Proactive learners. These athletes are fully engaged in their learning environment by asking questions and try to maximize individual and team learning during every session. Behaviors include coaching of teammates, passion during training, and verbally approaching coach during instruction and exercises.
Willingness to expend and sustain effort over years. Soccer development is a long-term objective that can take many years (13+). Commitment, discipline, resilience, and social support are factors that facilitate progression in elite youth soccer. These athletes have a growth mentality where they are constantly working on improving in order to achieve long-term goals.
Follow instructions and effectively perform in competition. Coaches’ perceptions of behavior are crucial because they are the decision makers on playing time, strategy, and tactics. In elite soccer, a player must be able to receive and apply instruction even in stressful environments. Effective youth players understand that listening to coaches is vital to success so they devise strategies to apply criticism and instruction (and other strategies to ignore obnoxious parents).
In our program, we have dozens of players that possess the skills and athleticism to be successful at the next level. The pertinent question always seems to be whether they have or are willing to develop the self-regulation behaviors and cognitive abilities to truly propel them on their path. As part of our philosophy, we treat the cognitive components of the game as the most important aspect in long-term performance success.
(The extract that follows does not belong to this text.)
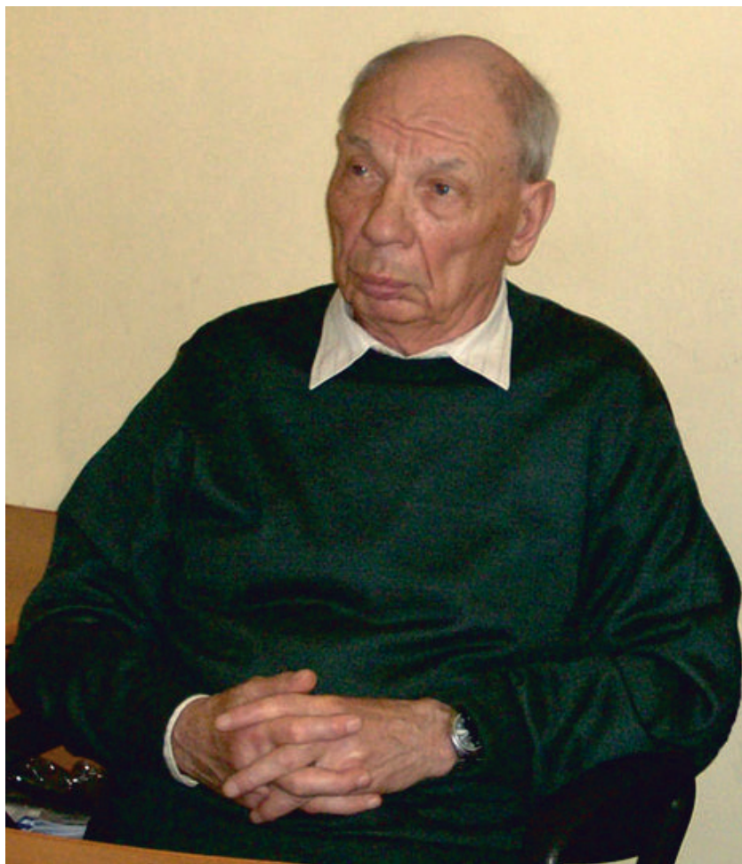
ЕЛЬМЕЕВ Василий Яковлевич (1928 – 2010)

Improving self-regulation abilities should be top priority for any elite training program. The development of these skills comes from a complicated interaction between the athlete, environment, player-trainer relationships, and support systems. These skills should be taught and refined throughout years of training. As the athlete progresses into higher levels of their sport system, the better they will have to be at self-regulation in order to be successful. Teaching and educating on self-regulation can begin early with focus on improving these skills incrementally over the long term.
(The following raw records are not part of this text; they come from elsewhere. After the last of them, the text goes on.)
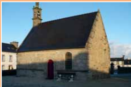
La chapelle de Milizac
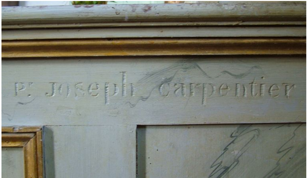
Signature gravée sur le bord latéral de l'autel : Pr Joseph carpentier.
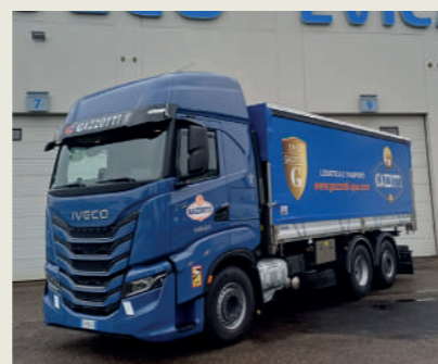
CASA DI SPEDIZIONE GAZZOTTI S.P.A

Our best players are committed, disciplined individuals who have found their own inner motivation to succeed. They train to the point of exhaustion and then ask what they need to improve on. They know themselves intimately as a player and honestly assess how they fit within the levels of competition. They accept that their development journey will be riddled with adversity but they are willing to give full effort over years and years of training. They know their role as a player and understand how they fit in the training environment. They breakdown sometimes and have effective support systems to help them cope. They are constantly competing and want to succeed. Conflict and adversity are motivators and rarely a deterrent. They believe they control their future.
The truth is that these athletes did not come to us this way. Not a single one. They developed and refined these skills over time. Now they have become elite youth athletes and their dream of playing at the next level is becoming a reality. The path is not an easy one, but players have more control than they think. If you want to be a top player, you must think and behave like one.